14 Deep and Machine Learning Uses that made 2019 a new AI Age.

BigGAN, CycleGAN, StyleGAN, GauGAN, Artbreeder, DeOldify, etc.: My very personal list (incl. BONUS).

TTime flows rapidly than we expect. Good for Moore’s law. But still, a lot to catch up. In the following, I want to present my list of great stuff that was happening in 2019 (and — sorry for cheating — some for 2018 as well) in the field of Machine Learning and Deep Learning. Those are mostly Neural Network-based models that impressed me.

For the beginning, here is a tweet by Ian Goodfellow demonstrating perfectly the achievements of Deep Learning.

Even if it’s about a specific topic: Generative Adversarial Networks progress, this development shows pretty well what has happened — and what will come. A picture is worth a thousand words.

And I have a feeling, 2019 was way intense than years before. Here are developments which brought me to a delighted astonishment in a no particular order.
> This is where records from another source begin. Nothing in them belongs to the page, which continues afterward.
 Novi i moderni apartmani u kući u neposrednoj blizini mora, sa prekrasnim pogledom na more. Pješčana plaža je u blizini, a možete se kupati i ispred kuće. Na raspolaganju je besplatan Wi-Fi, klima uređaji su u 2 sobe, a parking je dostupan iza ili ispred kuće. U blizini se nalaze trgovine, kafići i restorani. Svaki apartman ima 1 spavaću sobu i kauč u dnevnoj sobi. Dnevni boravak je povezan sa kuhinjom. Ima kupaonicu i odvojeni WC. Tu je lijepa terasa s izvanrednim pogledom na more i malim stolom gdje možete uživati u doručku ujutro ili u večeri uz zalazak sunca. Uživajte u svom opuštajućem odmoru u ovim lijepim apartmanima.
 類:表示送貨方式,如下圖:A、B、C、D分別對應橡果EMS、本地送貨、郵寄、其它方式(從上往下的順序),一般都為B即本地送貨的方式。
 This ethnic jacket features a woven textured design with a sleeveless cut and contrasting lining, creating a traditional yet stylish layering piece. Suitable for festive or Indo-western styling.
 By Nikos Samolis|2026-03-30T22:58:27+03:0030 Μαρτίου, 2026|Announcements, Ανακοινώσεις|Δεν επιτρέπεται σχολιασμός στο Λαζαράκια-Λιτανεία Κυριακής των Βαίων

DISCLAIMER 1: I’m new to Towards Data Science. So in case, I missed some crucial discussions here on the topics below, feel free to complement this article with referring links.
DISCLAIMER 2: This is a wild mix of models, networks, implementations, and experiments. They are often interconnected. Some of them are cores of another. Some of them are already well covered by authors of Toward Data Science. What you see here are DL/ML stories impressed me within the last 1–2 years.
DISCLAIMER 3: As you will note, the AI advancements in my list refer mostly to the visual medium (image generating and modification). The year 2019 was was also a crucial milestone for Natural Language Processing (GPT-2 by OpenAI etc.), but that’s another big topic I will cover soon).

1. BigGAN

What’s this about: BigGAN scales up Generative Adversarial Networks — and allows you to generate new visuals, being trained on huge visual databases. The heart of the system is two Neural Networks: Generator and Discriminator. The Generator creates new visuals and tries to convince Discriminator it was real footage. Discriminator aligns the produced images with its “experience” and sends it back to Generator as “not approved”. This iterative interplay continues till some kind of “consensus”.
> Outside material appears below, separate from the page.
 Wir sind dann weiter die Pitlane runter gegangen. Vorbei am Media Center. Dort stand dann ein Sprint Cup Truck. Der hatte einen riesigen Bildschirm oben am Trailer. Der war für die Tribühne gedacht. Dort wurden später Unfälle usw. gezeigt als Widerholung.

Try it out: Using this BigGAN notebook, you can use category-conditional sampling and create e.g., an image of a valley:

And the results are astonishing:

BigGAN generated images

In the header of my article, you can also see the BigGAN-generated clock.

As you see, it’s still Weak AI. Networks don’t know what Clock is. They just know, how may this thing look like: “roundish”, “with characters and arrows”.

I see clear parallels between attempts of AI to interpret the world and the Theory of Forms/Ideas by Plato:

Ideas or Forms were meta-physical essences of the material things. The material things weren’t originals, but just imitations of the Ideas/Forms.

My Coverage of this topic (Friend-Link):

2. Metamorphosis with BigGAN.

What’s this about: We can go further than just generating labeled images. We can merge and metamorph things with BigGAN using Interpolation Function. In the case of BigGAN, a transformation of generated image A to generated image B is possible, however semantically alien they were.

Try it out: Use the same BigGAN notebook with the Interpolation function.

Using these settings, you can transform a Yorkshire terrier to a Space Shuttle

This method opens possibilities, never seen before — beyond human imagination. You even can produce more gradual frames — and combine them into animated footage (check out Colab Notebook by Zaid Alyafeai for more)

My coverage of this topic:

3. Style Transfer

What’s this about: StyleGAN allows another kind of image modification: Style Transfer: a style of image A is transferred to image B.

Try it out: Colab Notebook. There are also various free and commercial DL-based apps converting your images into artworks of world art masters.

I style-transferred my Userpic with various artist’ styles with convincing results:

Van Gogh
Magritte
Kurt Schwitters

You are probably familiar with Style Transfer, since Towards Data Science provides some great articles about this topic (here are just some of them, read all of them):

Even a Video Style Transfer is possible:

Artist Gene Cogan used Style Transfer to Disney’s Alice in Wonderland (that tea party scene) — and transferred styles of 17 famous artworks to the animation:

My coverage of this topic (Friend-Link):

Recently, StyleGAN2 entered the stage — with improved quality of images (GitHub / Paper / Video).

StyleGAN 2 teaser (source)

Also new ways of work with image are possible. For example, StyleGAN projection: alignment with target image from any possible image. I highly recommend to follow Jonathan Fly with his comprehensive experiments to every newest DL/ML development:

Also Roadrunner01 is highly interesting to follow:

(AI Pioneers, Artists and Experimenters is another topic I will cover 2020)

4. Creative use of Style Transfer: Deep Painterly Harmonization

What’s this about: Some artists and developers use the abilities of Style Transfer for creative image manipulation. The idea is as simple as genius:

1. take a target image B
2. transfer its style to the element A you want to build into B
3. combine and enjoy

This method allows, for example an artistic use for style transfer in digital image collages.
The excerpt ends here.